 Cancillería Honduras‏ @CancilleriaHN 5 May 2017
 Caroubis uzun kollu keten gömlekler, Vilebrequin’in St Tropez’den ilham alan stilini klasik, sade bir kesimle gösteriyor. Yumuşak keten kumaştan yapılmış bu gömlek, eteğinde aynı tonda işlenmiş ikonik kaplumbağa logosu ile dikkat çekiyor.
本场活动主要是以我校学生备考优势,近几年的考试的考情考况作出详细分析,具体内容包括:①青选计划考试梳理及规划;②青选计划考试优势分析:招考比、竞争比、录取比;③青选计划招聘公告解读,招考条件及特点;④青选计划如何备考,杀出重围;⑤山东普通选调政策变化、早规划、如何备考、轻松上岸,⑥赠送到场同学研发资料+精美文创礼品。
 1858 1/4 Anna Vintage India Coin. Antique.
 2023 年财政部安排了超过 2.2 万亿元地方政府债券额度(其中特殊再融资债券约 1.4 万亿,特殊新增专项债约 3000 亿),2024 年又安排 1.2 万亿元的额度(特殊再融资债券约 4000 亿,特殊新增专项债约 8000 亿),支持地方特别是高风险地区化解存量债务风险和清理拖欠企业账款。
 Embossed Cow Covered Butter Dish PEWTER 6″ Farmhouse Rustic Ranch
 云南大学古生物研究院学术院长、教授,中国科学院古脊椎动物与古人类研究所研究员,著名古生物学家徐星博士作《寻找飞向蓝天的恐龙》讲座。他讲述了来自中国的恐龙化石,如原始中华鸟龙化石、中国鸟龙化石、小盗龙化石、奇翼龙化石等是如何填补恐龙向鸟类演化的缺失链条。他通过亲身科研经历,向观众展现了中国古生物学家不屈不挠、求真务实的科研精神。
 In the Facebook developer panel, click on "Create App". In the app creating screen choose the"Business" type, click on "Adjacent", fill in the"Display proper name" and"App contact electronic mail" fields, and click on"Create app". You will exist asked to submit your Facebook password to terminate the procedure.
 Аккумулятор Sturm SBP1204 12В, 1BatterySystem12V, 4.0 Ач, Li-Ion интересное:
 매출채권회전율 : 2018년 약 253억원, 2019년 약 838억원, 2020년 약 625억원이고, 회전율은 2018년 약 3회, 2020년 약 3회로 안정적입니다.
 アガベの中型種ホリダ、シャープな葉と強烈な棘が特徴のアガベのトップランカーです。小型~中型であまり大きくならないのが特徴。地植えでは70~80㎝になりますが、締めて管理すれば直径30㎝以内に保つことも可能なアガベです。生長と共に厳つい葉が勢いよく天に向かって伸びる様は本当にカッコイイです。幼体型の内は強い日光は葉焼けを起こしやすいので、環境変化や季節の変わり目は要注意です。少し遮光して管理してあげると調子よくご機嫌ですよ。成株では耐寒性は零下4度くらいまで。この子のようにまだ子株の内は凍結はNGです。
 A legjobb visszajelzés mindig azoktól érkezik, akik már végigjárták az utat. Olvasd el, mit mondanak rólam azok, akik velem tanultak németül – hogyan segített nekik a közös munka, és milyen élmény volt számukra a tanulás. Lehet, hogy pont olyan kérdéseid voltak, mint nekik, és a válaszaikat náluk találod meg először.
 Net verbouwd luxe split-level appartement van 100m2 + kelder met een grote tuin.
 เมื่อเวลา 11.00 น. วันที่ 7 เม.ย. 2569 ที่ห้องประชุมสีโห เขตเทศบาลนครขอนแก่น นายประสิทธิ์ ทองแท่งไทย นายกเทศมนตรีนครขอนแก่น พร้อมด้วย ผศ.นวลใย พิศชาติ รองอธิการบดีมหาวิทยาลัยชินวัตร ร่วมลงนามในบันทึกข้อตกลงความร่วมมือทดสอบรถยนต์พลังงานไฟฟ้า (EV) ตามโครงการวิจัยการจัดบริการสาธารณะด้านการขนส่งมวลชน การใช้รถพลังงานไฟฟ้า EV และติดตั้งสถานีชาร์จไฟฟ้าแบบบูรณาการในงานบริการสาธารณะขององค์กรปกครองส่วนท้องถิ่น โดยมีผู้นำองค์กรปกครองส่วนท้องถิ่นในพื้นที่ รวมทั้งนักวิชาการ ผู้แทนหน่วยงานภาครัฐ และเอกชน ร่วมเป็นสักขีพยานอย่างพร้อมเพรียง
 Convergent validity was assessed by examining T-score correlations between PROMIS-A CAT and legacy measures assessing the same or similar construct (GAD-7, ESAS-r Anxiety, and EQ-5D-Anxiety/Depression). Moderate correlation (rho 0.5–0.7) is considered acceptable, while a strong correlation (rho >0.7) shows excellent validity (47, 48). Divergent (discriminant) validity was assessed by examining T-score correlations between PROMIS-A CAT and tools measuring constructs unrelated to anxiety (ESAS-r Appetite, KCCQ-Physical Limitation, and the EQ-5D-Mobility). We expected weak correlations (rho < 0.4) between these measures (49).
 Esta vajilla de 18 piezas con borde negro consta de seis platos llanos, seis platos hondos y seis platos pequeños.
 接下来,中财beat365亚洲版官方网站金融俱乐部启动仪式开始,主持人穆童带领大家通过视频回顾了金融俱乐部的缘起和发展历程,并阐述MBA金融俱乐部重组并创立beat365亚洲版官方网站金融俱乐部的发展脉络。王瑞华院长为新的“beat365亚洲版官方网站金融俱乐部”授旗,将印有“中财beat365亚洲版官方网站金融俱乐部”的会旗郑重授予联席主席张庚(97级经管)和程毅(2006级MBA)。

Your task => Retype the material in full. Keep every character as it is.

Expected answer =>
 Cancillería Honduras‏ @CancilleriaHN 5 May 2017
 Caroubis uzun kollu keten gömlekler, Vilebrequin’in St Tropez’den ilham alan stilini klasik, sade bir kesimle gösteriyor. Yumuşak keten kumaştan yapılmış bu gömlek, eteğinde aynı tonda işlenmiş ikonik kaplumbağa logosu ile dikkat çekiyor.
本场活动主要是以我校学生备考优势,近几年的考试的考情考况作出详细分析,具体内容包括:①青选计划考试梳理及规划;②青选计划考试优势分析:招考比、竞争比、录取比;③青选计划招聘公告解读,招考条件及特点;④青选计划如何备考,杀出重围;⑤山东普通选调政策变化、早规划、如何备考、轻松上岸,⑥赠送到场同学研发资料+精美文创礼品。
 1858 1/4 Anna Vintage India Coin. Antique.
 2023 年财政部安排了超过 2.2 万亿元地方政府债券额度(其中特殊再融资债券约 1.4 万亿,特殊新增专项债约 3000 亿),2024 年又安排 1.2 万亿元的额度(特殊再融资债券约 4000 亿,特殊新增专项债约 8000 亿),支持地方特别是高风险地区化解存量债务风险和清理拖欠企业账款。
 Embossed Cow Covered Butter Dish PEWTER 6″ Farmhouse Rustic Ranch
 云南大学古生物研究院学术院长、教授,中国科学院古脊椎动物与古人类研究所研究员,著名古生物学家徐星博士作《寻找飞向蓝天的恐龙》讲座。他讲述了来自中国的恐龙化石,如原始中华鸟龙化石、中国鸟龙化石、小盗龙化石、奇翼龙化石等是如何填补恐龙向鸟类演化的缺失链条。他通过亲身科研经历,向观众展现了中国古生物学家不屈不挠、求真务实的科研精神。
 In the Facebook developer panel, click on "Create App". In the app creating screen choose the"Business" type, click on "Adjacent", fill in the"Display proper name" and"App contact electronic mail" fields, and click on"Create app". You will exist asked to submit your Facebook password to terminate the procedure.
 Аккумулятор Sturm SBP1204 12В, 1BatterySystem12V, 4.0 Ач, Li-Ion интересное:
 매출채권회전율 : 2018년 약 253억원, 2019년 약 838억원, 2020년 약 625억원이고, 회전율은 2018년 약 3회, 2020년 약 3회로 안정적입니다.
 アガベの中型種ホリダ、シャープな葉と強烈な棘が特徴のアガベのトップランカーです。小型~中型であまり大きくならないのが特徴。地植えでは70~80㎝になりますが、締めて管理すれば直径30㎝以内に保つことも可能なアガベです。生長と共に厳つい葉が勢いよく天に向かって伸びる様は本当にカッコイイです。幼体型の内は強い日光は葉焼けを起こしやすいので、環境変化や季節の変わり目は要注意です。少し遮光して管理してあげると調子よくご機嫌ですよ。成株では耐寒性は零下4度くらいまで。この子のようにまだ子株の内は凍結はNGです。
 A legjobb visszajelzés mindig azoktól érkezik, akik már végigjárták az utat. Olvasd el, mit mondanak rólam azok, akik velem tanultak németül – hogyan segített nekik a közös munka, és milyen élmény volt számukra a tanulás. Lehet, hogy pont olyan kérdéseid voltak, mint nekik, és a válaszaikat náluk találod meg először.
 Net verbouwd luxe split-level appartement van 100m2 + kelder met een grote tuin.
 เมื่อเวลา 11.00 น. วันที่ 7 เม.ย. 2569 ที่ห้องประชุมสีโห เขตเทศบาลนครขอนแก่น นายประสิทธิ์ ทองแท่งไทย นายกเทศมนตรีนครขอนแก่น พร้อมด้วย ผศ.นวลใย พิศชาติ รองอธิการบดีมหาวิทยาลัยชินวัตร ร่วมลงนามในบันทึกข้อตกลงความร่วมมือทดสอบรถยนต์พลังงานไฟฟ้า (EV) ตามโครงการวิจัยการจัดบริการสาธารณะด้านการขนส่งมวลชน การใช้รถพลังงานไฟฟ้า EV และติดตั้งสถานีชาร์จไฟฟ้าแบบบูรณาการในงานบริการสาธารณะขององค์กรปกครองส่วนท้องถิ่น โดยมีผู้นำองค์กรปกครองส่วนท้องถิ่นในพื้นที่ รวมทั้งนักวิชาการ ผู้แทนหน่วยงานภาครัฐ และเอกชน ร่วมเป็นสักขีพยานอย่างพร้อมเพรียง
 Convergent validity was assessed by examining T-score correlations between PROMIS-A CAT and legacy measures assessing the same or similar construct (GAD-7, ESAS-r Anxiety, and EQ-5D-Anxiety/Depression). Moderate correlation (rho 0.5–0.7) is considered acceptable, while a strong correlation (rho >0.7) shows excellent validity (47, 48). Divergent (discriminant) validity was assessed by examining T-score correlations between PROMIS-A CAT and tools measuring constructs unrelated to anxiety (ESAS-r Appetite, KCCQ-Physical Limitation, and the EQ-5D-Mobility). We expected weak correlations (rho < 0.4) between these measures (49).
 Esta vajilla de 18 piezas con borde negro consta de seis platos llanos, seis platos hondos y seis platos pequeños.
 接下来,中财beat365亚洲版官方网站金融俱乐部启动仪式开始,主持人穆童带领大家通过视频回顾了金融俱乐部的缘起和发展历程,并阐述MBA金融俱乐部重组并创立beat365亚洲版官方网站金融俱乐部的发展脉络。王瑞华院长为新的“beat365亚洲版官方网站金融俱乐部”授旗,将印有“中财beat365亚洲版官方网站金融俱乐部”的会旗郑重授予联席主席张庚(97级经管)和程毅(2006级MBA)。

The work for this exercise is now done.